## [INPUT RECORDS]
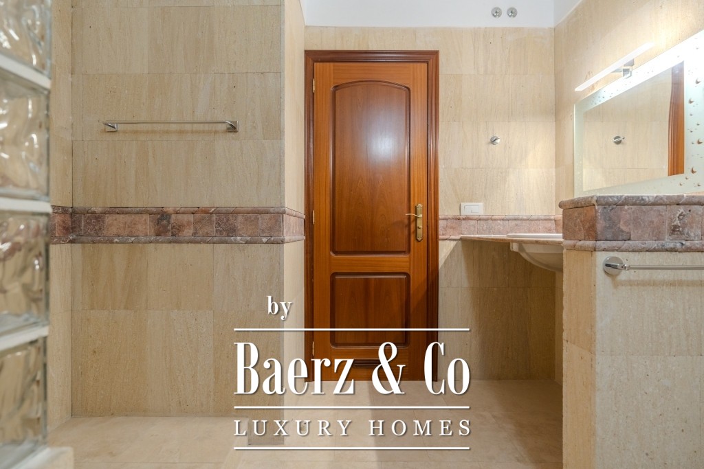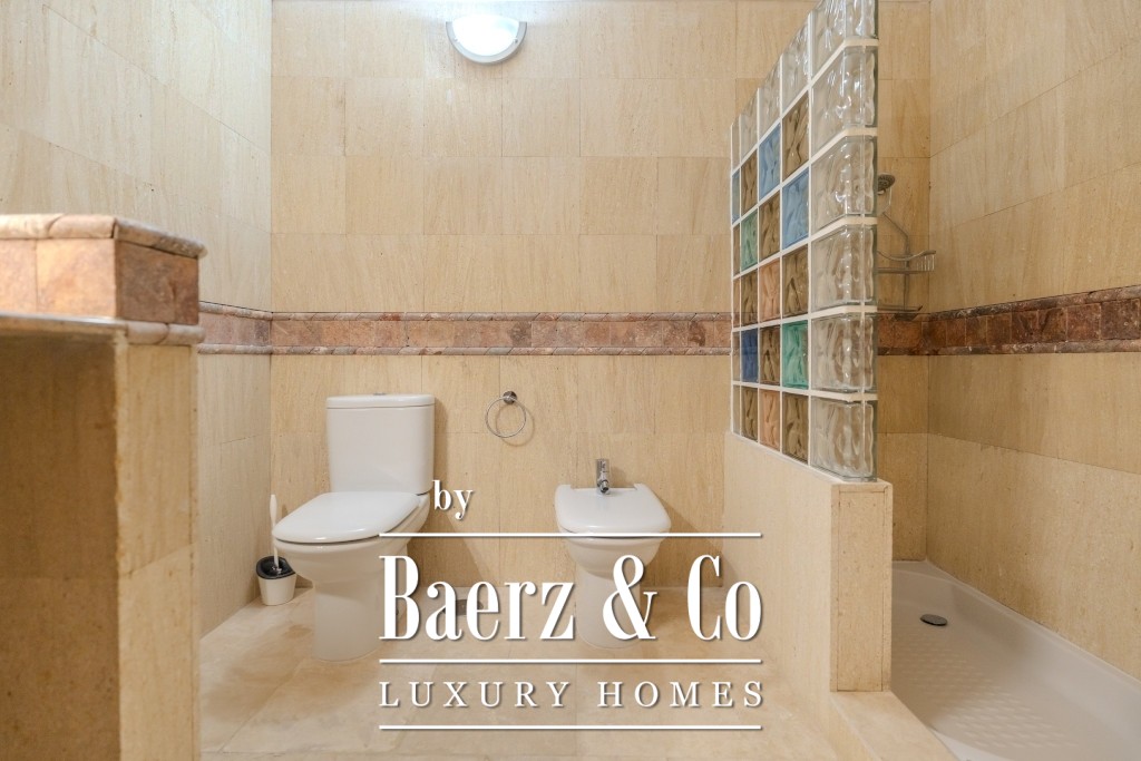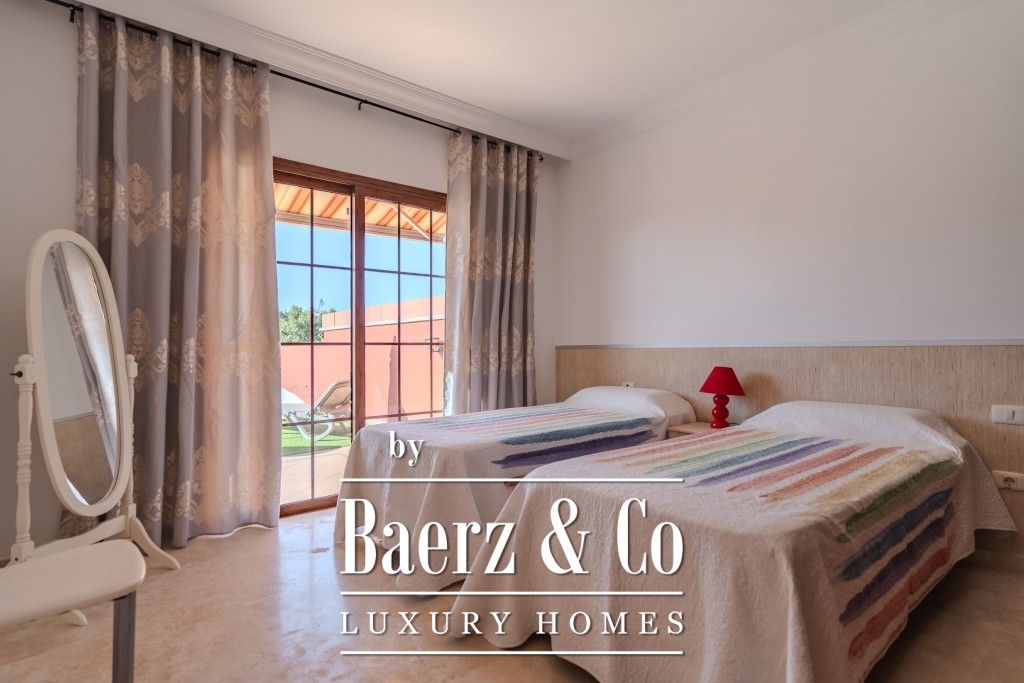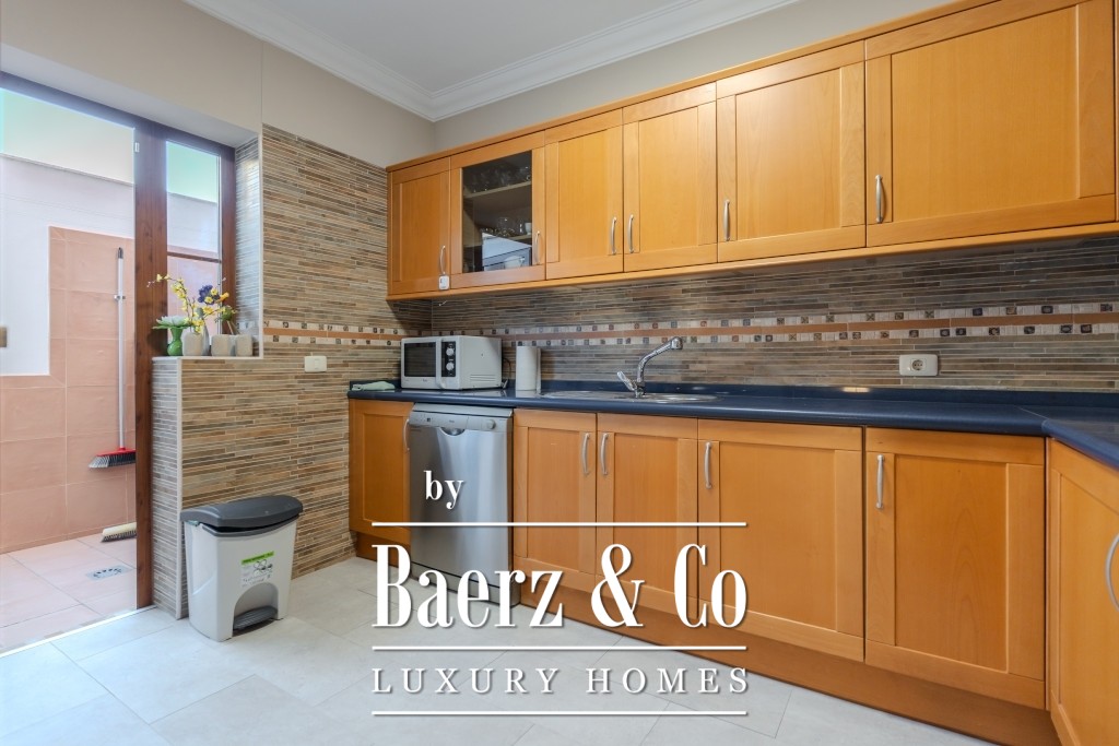 Below, a 77 m² basement accommodates a private garage for two to three cars, a storage room, and further storage under the stairs. Residents benefit from two communal swimming pools, one heated, enveloped by calm and well-kept green zones. Community fees are set at €265 per month, with IBI tax at €925 per year, affirming the villa’s rare combination of access, discretion, and ease.
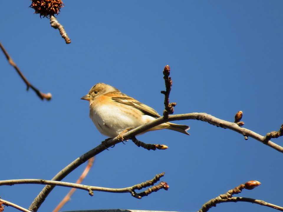 キョッキョッと鳴き声がしたと思ったらアトリが出現。木の枝に止まった個体数だけで12羽、
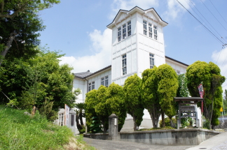 | ■発掘者のコメント 四郷(よごう)村はこれといった資源もない小寒村であったが、幕末から近年にかけて製糸・製茶・醸造・それらの関連産業が盛んになり、近代産業の発祥地として三重を代表する経済・文化栄える村となった。これら産品の輸送のため、四日市まで村の有志により県内初の私鉄(内部(うつべ)・八王子線)が敷かれたほどで、全国でも珍しい特殊狭軌のミニ電車(軌道幅76.2cm)のかわいい車両は、存続の危機にあるものの今も通勤・通学に利用されている。 明治22(1889)年の市町村制の実施と同時に四郷村が誕生し、昭和18(1943)年に四日市市と合併、高花平、笹川といった大規模な住宅団地の開発により、現在では市最大の人口を抱える地区となっている。 四郷村役場は村の代表的な先人産業三重紡績(後の東洋紡績)の発足者伊藤傳七が郷土への恩返しにと、大正10(1921)年に6万円(現在の5億円?)の大金を寄付し建てられたものである。小高い丘陵の坂道を上っていくとシンボルの塔が青空を背景にそびえ立つ。木造2階建ての正面に車寄せと玄関があり、1階が執務室、2階が会議室や小部屋、モダンな応客用のカウンターなども当時のままで残っている。狭い螺旋階段を上がると四郷村が一望できる気持ちよさで、全国一の村役場と村民自慢の庁舎であったことがよく分かる。昭和40年代までは市の四郷支所として使われ、新しい支所ができたために閉所、取り壊しの運命だったが、地元民の存続運動で昭和57(1982)年四日市市有形文化財に指定され、「四郷郷土資料館」として今日に至っている。 設計者は当時東洋紡のお抱え技師であった野田新作(三重県初の設計事務所開設者)を中心とする設計組織で、庁舎のほかにも工場、社屋、学校、住宅など多くを手がけたが現存していない。 |
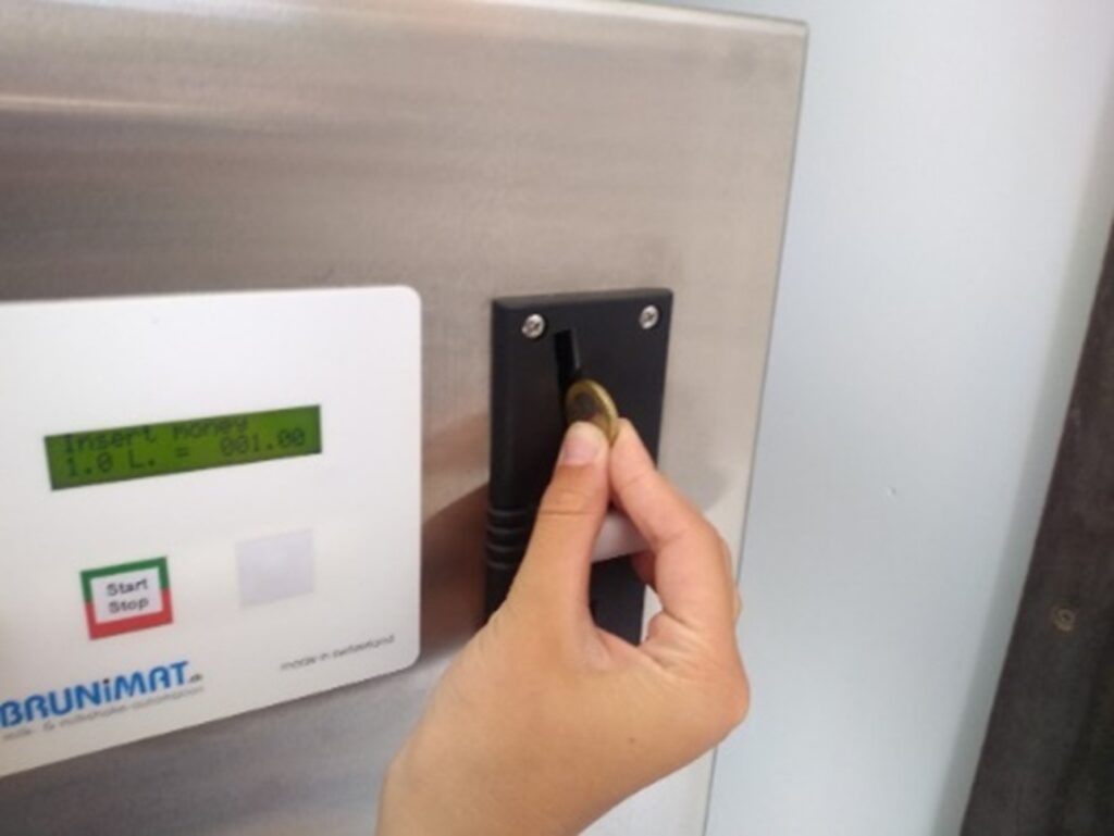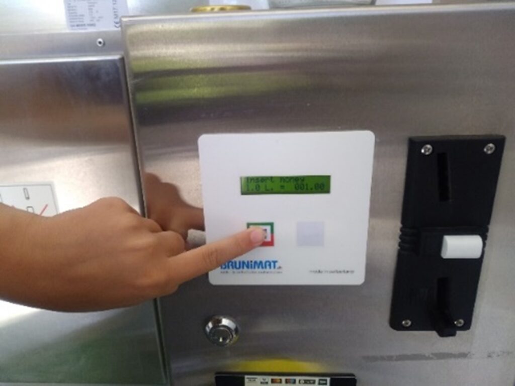 Per halve liter 1 druk op de knop, voor een liter dus 2 keer drukken, (maximaal 5 liter per keer)
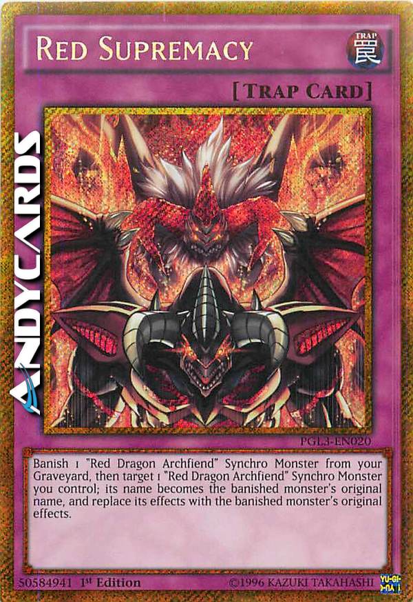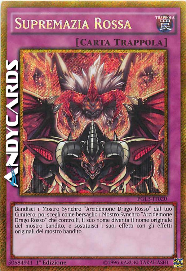 Bandisci 1 Mostro Synchro "Arcidemone Drago Rosso" dal tuo Cimitero, poi scegli come bersaglio 1 Mostro Synchro "Arcidemone Drago Rosso" che controlli; il suo nome diventa il nome originale del mostro bandito, e sostituisci i suoi effetti con gli effetti originali del mostro bandito.
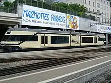 On 18 May 2010, MOB invited press and officials to demonstrate the first Panoramic coach (BDs 220) fitted with variable gauge bogies to allow through running across the 1,000 mm (3 ft 3+3⁄8 in) metre gauge / 1,435 mm (4 ft 8+1⁄2 in) standard gauge break-of-gauge. The axle-less bogie was developed by MOB and engineered by Prose[2] company of Winterthur. Some components were designed for the Centro 1000 bogie and built by Alstom. Apart from changing the gauge, the bogies also adjust the height of the coaches to suit the different platform heights on the two gauges. MOB announced commercial service with variable gauge trains for 2015.[3] The date of commercial through running Montreux to Interlaken has been postponed several times. Delays in manufacturing due to COVID-19 have been cited in 2020 and 2021. In spring 2021 launch date was set to 11 December 2022.[4][5]
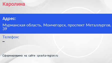 Каролина по адресу Мурманская область, Мончегорск, проспект Металлургов, 39 в дальнейшем Организация, размещена в следующих категориях:
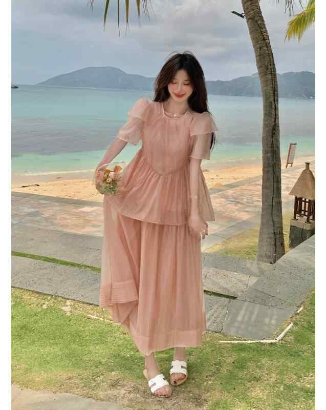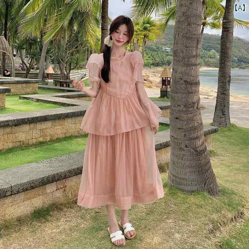 ・カテゴリ: ワンピース・スタイル: 清新スウィート・デザイン: プルオーバー・主な素材: ポリエステル繊維 70-80%・柄: 無地・加工: パッチワーク、切り替え・セット形式: 単品・スカート丈: ロング丈・スカート種類: ティアードスカート・ネックライン: ラウンドネック・袖の形: 花びら袖・袖丈: 半袖・ウエストタイプ: ハイウエスト・デザイン要素: フリル・カラー展開: ピンク・サイズ展開: S, M, L, XL
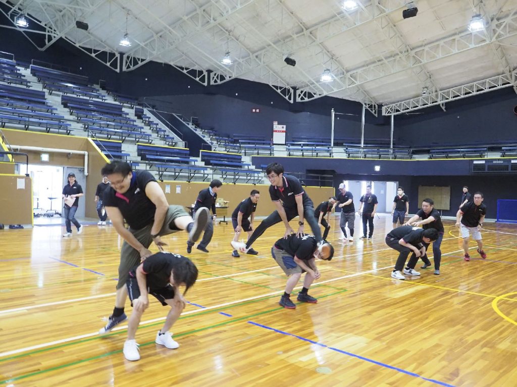 新型コロナウイルス感染症の蔓延により自宅での生活が余儀なくされる中、健康を意識し、体を動かしていただき、ストレスの解消や健康生活を取り戻すため、メンバーを4つの組に分けて、馬跳びリレー、綱引き、大縄跳び、しっぽ取りゲーム、借り物リレーの5種目の競技を行いました。
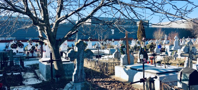 Old cemetery tree serene among crosses and tombs.
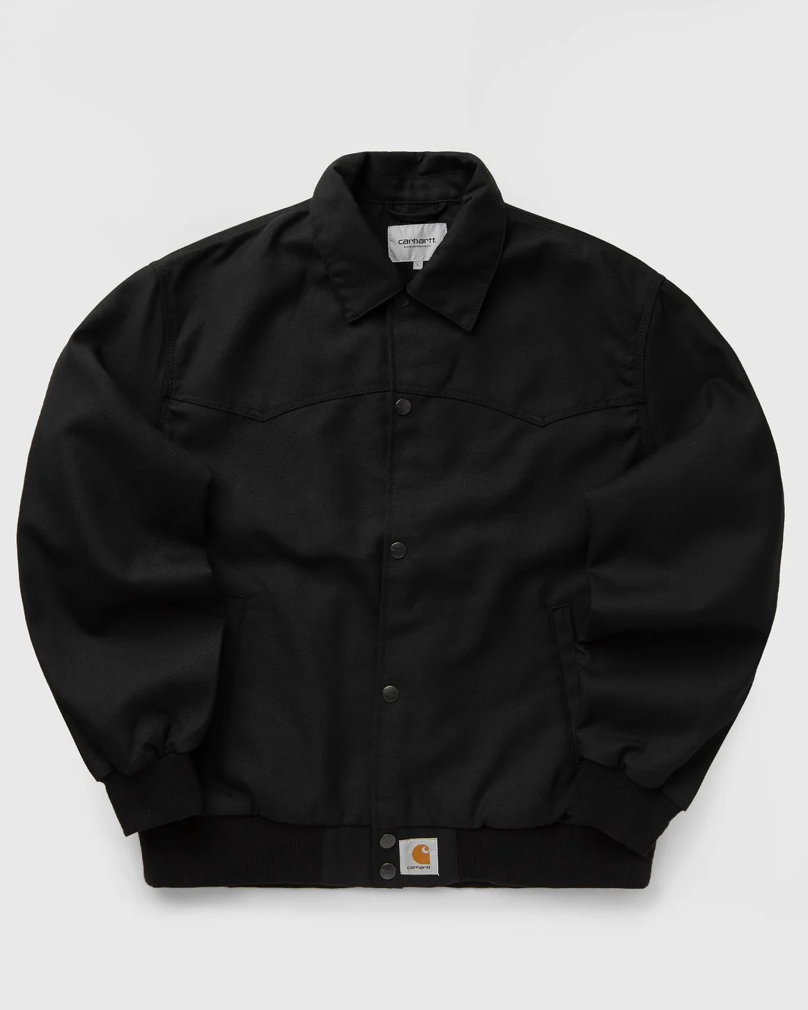 The Ray Jacket from Carhartt WIP is made from a polyester and wool twill with poplin lining. The style has ribbed cuffs, triple seams and is fastened with buttons. A woven square label rounds off the design. - Chest pocket on the inside - Triple seams - Ribbed cuffs - Buttons with logos - Square label Article Number: I035622-89.01 Gender: Men Color: black Material: 55% Polyester, 45% Wool

## [EXERCISE DESCRIPTION]
Through the line containing "キョッキョッと鳴き声がしたと" and no further, restate the data above word for word from its first line, leaving out pictures.

## [ANSWER TO THE EXERCISE]
 Below, a 77 m² basement accommodates a private garage for two to three cars, a storage room, and further storage under the stairs. Residents benefit from two communal swimming pools, one heated, enveloped by calm and well-kept green zones. Community fees are set at €265 per month, with IBI tax at €925 per year, affirming the villa’s rare combination of access, discretion, and ease.
 キョッキョッと鳴き声がしたと思ったらアトリが出現。木の枝に止まった個体数だけで12羽、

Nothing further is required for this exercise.